#### Material provided:

--*--

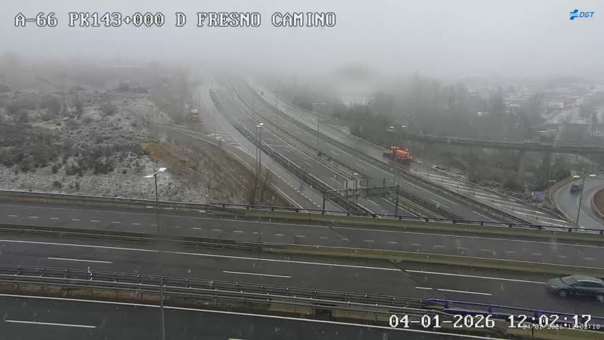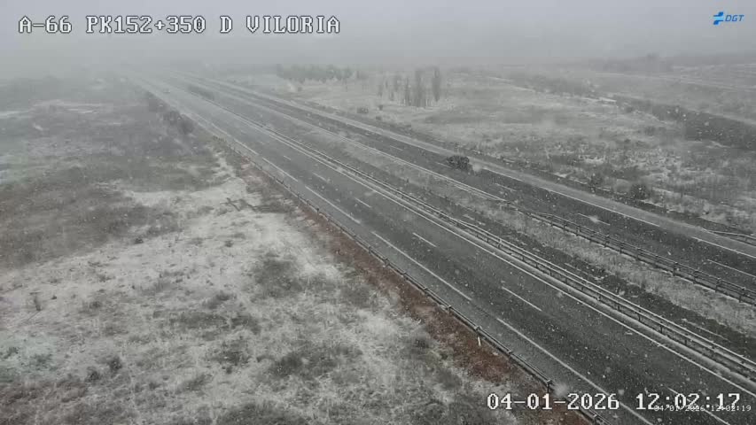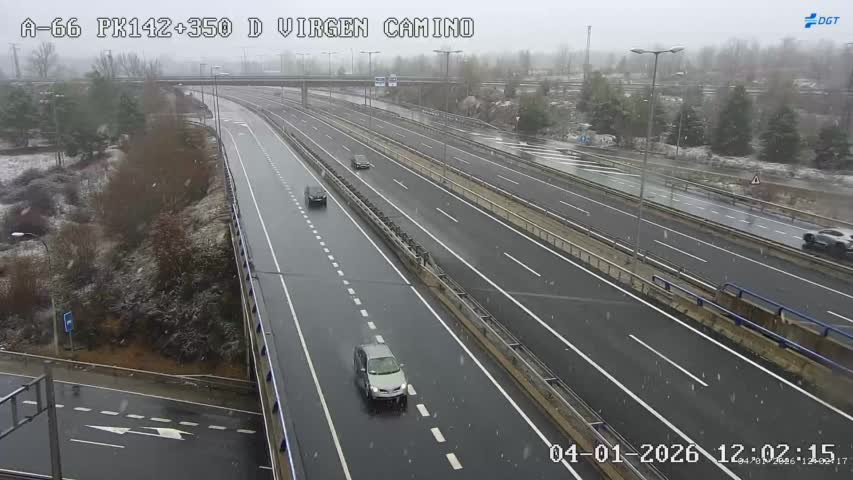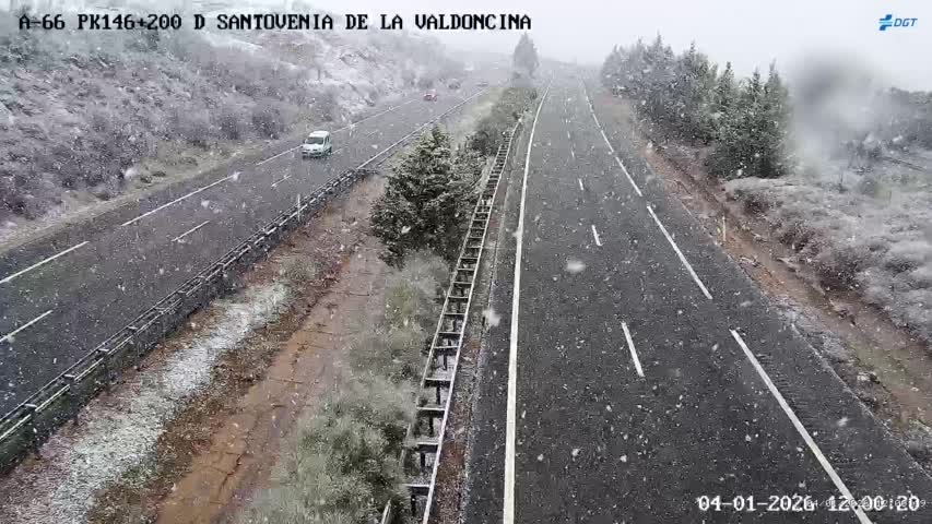 Viendo las cámaras de la DGT en la A66 nieva y cuaja ligeramente cerca de León, lo que no sé si lo hara en la ciudad.
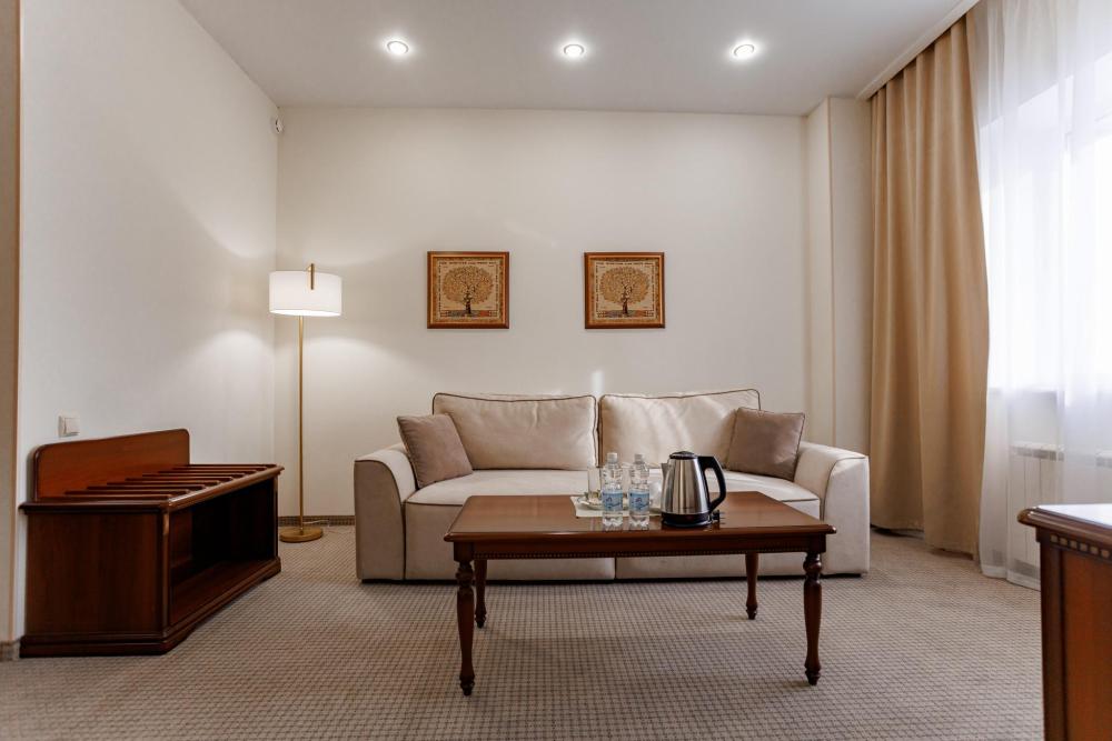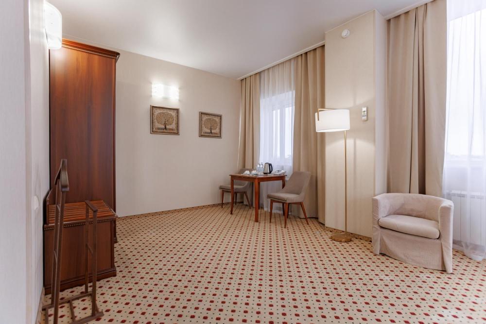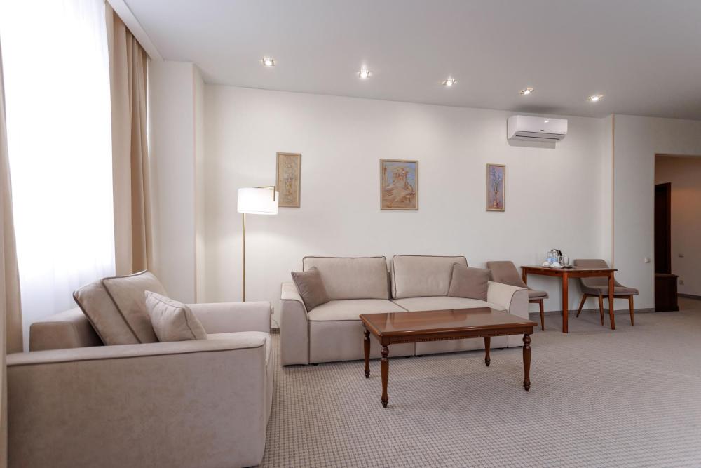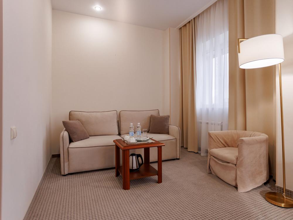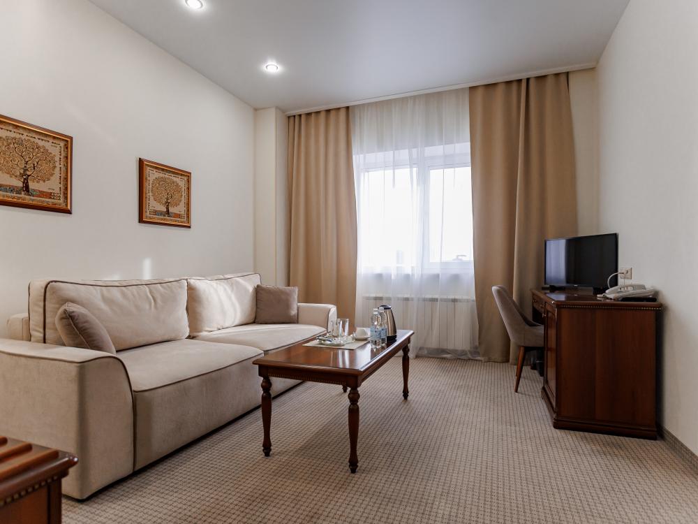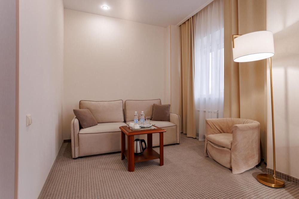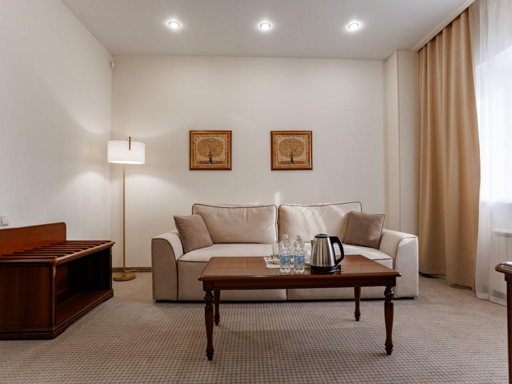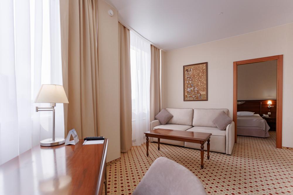 Двухкомнатный номер категории Люкс выбирают, прежде всего, из за презентабельной обстановки, изысканного дизайна, удобной планировки. В двухкомнатном люксе может комфортно разместится от 1 до 4 гостей благодаря двуспальной кровати (180*200 см.) в спальне и раздвижному дивану в гостиной. Также диван удобно использовать для отдыха и деловых переговоров. Удобный письменный стол и обеденная зона с чайным набором дают возможность разместиться с комфортом, а также пригласить друзей или партнеров. Ванная комната оборудована душевой кабиной или джакузи.
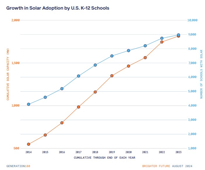According to the Brighter Future Report, solar power in the U.S. K-12 schools more than quadrupled between 2013 and 2023. Despite this impressive growth, only 10 percent of U.S. schools have adopted some form of solar energy.
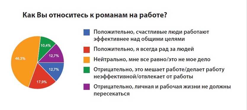 Вопреки бытующему мнению о том, что отношения в коллективах часто негативно воспринимаются окружающими, результаты показывают обратное. Люди не считают нужным вникать в личную жизнь своих коллег – более 46% опрошенных нейтрально относятся к любовным отношениям на работе.
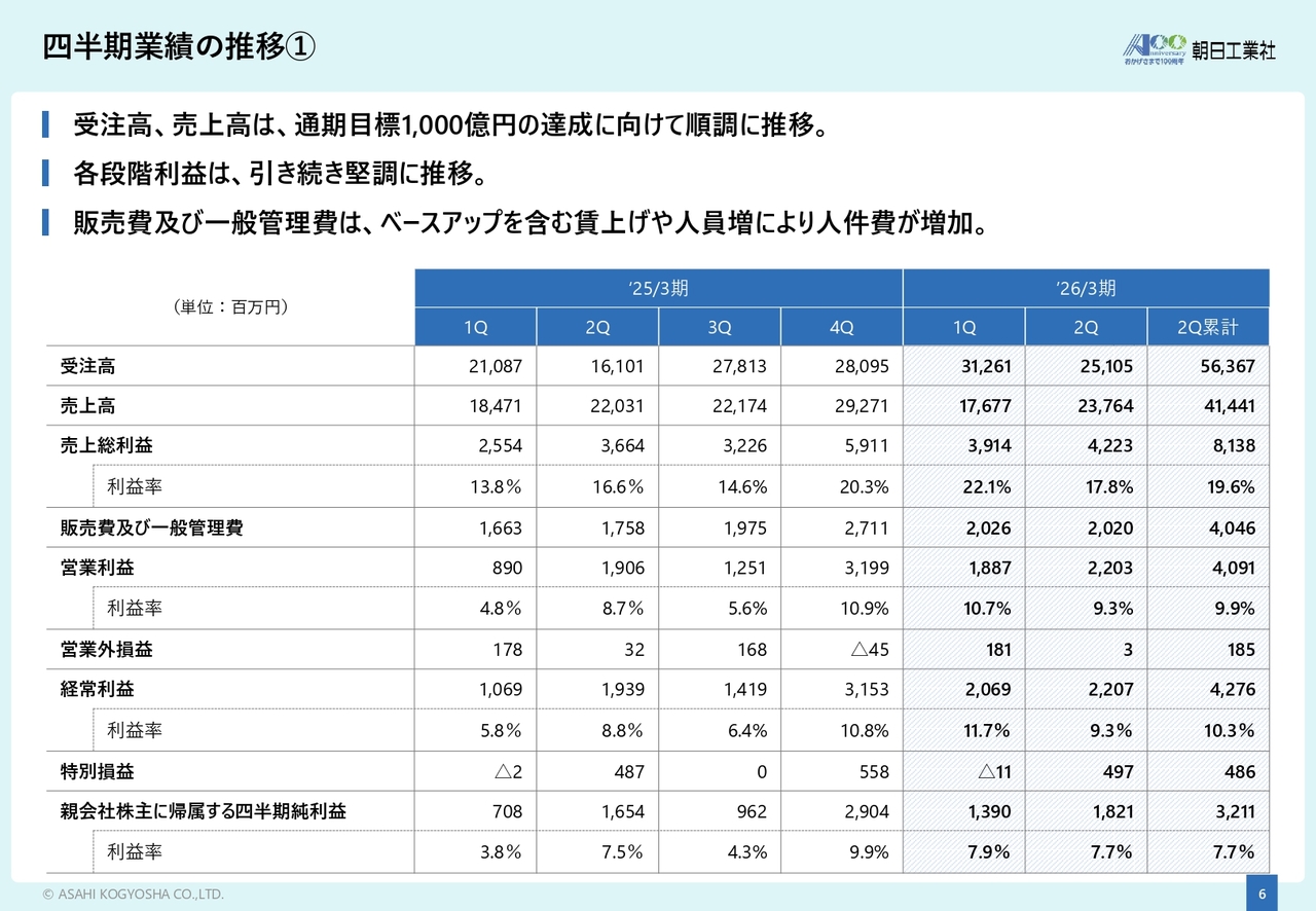 四半期業績の推移についてご説明します。受注高及び売上高については四半期ごとの目標は設定していませんが、通期目標である1,000億円の達成に向け順調に進捗しており、各段階利益も引き続き堅調に推移しています。
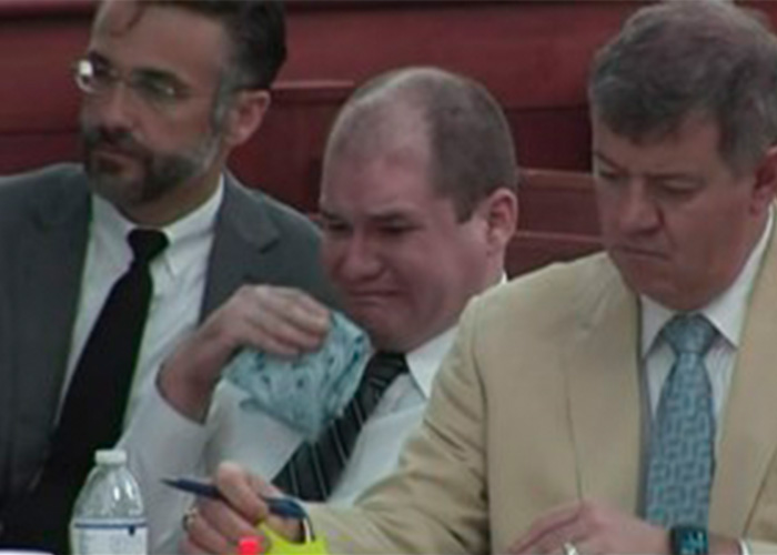 En uno de los momentos más emocionantes del juicio, cuando la fiscalía mostraba fotografías y videos de la familia de Jones, en algunos el padre sonríe, besa o abraza a sus niños, éste no pudo contenerse y se echó a llorar, dice AP.

--*--

#### Problem requirements:
Only the lines from the top of the material above down to the line bearing "Вопреки бытующему мнению", that line included, should be set down exactly; no pictures.

#### Solution to this problem:
 Viendo las cámaras de la DGT en la A66 nieva y cuaja ligeramente cerca de León, lo que no sé si lo hara en la ciudad.
 Двухкомнатный номер категории Люкс выбирают, прежде всего, из за презентабельной обстановки, изысканного дизайна, удобной планировки. В двухкомнатном люксе может комфортно разместится от 1 до 4 гостей благодаря двуспальной кровати (180*200 см.) в спальне и раздвижному дивану в гостиной. Также диван удобно использовать для отдыха и деловых переговоров. Удобный письменный стол и обеденная зона с чайным набором дают возможность разместиться с комфортом, а также пригласить друзей или партнеров. Ванная комната оборудована душевой кабиной или джакузи.
According to the Brighter Future Report, solar power in the U.S. K-12 schools more than quadrupled between 2013 and 2023. Despite this impressive growth, only 10 percent of U.S. schools have adopted some form of solar energy.
 Вопреки бытующему мнению о том, что отношения в коллективах часто негативно воспринимаются окружающими, результаты показывают обратное. Люди не считают нужным вникать в личную жизнь своих коллег – более 46% опрошенных нейтрально относятся к любовным отношениям на работе.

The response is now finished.